Neuroactive steroids represent a genuine paradigm shift in treating postpartum depression. Zuranolone (Zurzuvae) is the only FDA-approved oral neuroactive steroid for PPD; brexanolone (Zulresso), the original intravenous agent and the first-ever FDA-approved PPD treatment (2019), was withdrawn from the US market, with FDA approval formally withdrawn April 14, 2025 (Federal Register notice; the drug had ceased marketing after end-2024) — a business and logistics decision (a 60-hour monitored IV infusion, REMS requirements, and a high cost — a ~$34,000 drug list price, with total drug-plus-administration costs modeled around $38,500), not a safety one.

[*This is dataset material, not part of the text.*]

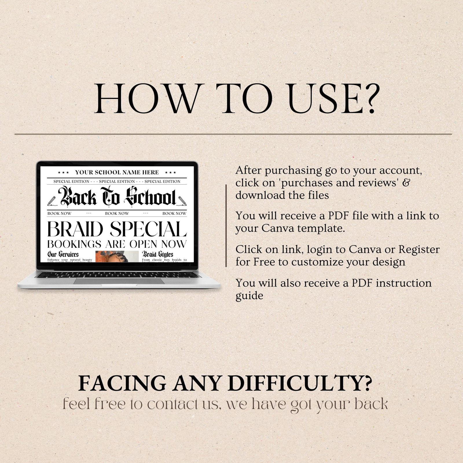 Purchase & Access – After payment, you’ll receive an email with a link to your editable design (sent to your Etsy-registered email).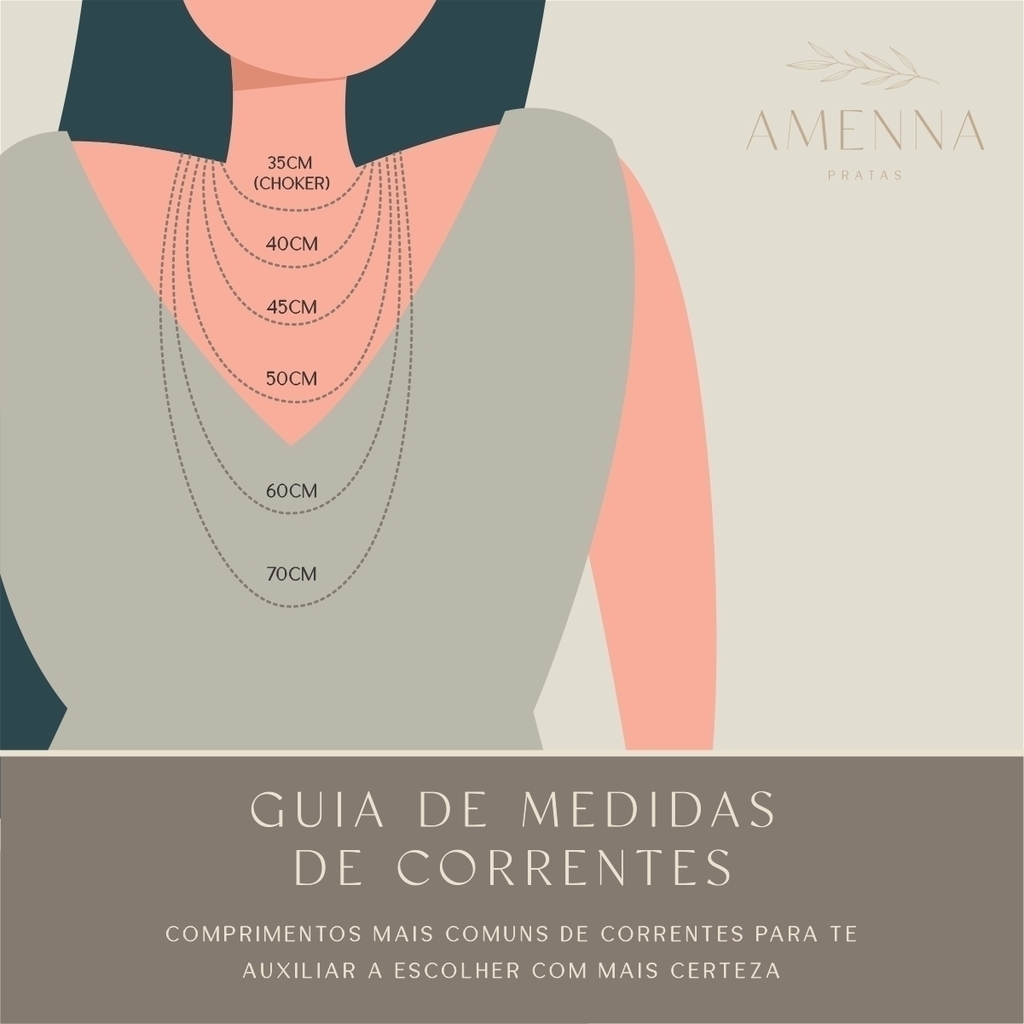 Comprimento: Aproximadamente 35cm (corrente) + 5cm (extensor)

For the breastfeeding mother, zuranolone's lactation data are reassuring on their face: a relative infant dose of about 0.36% at 30 mg (estimated under 1% at 50 mg), protein binding above 99.5%, and no adverse events reported in nursing infants across the neuroactive-steroid trials. But two features reshape the counseling. First, the safety data come with a real caveat — clinical trials excluded breastfeeding during treatment, so "no adverse events" describes infants who were not actually fed during dosing. Second, and more fundamentally, zuranolone is a 14-day course, not a maintenance drug — so the "if stable, stay" logic that governs chronic antidepressants does not apply. The defining practical issues are the boxed warning for CNS depression (36% somnolence) and its 12-hour caregiving restriction, which together often determine feasibility more than efficacy does.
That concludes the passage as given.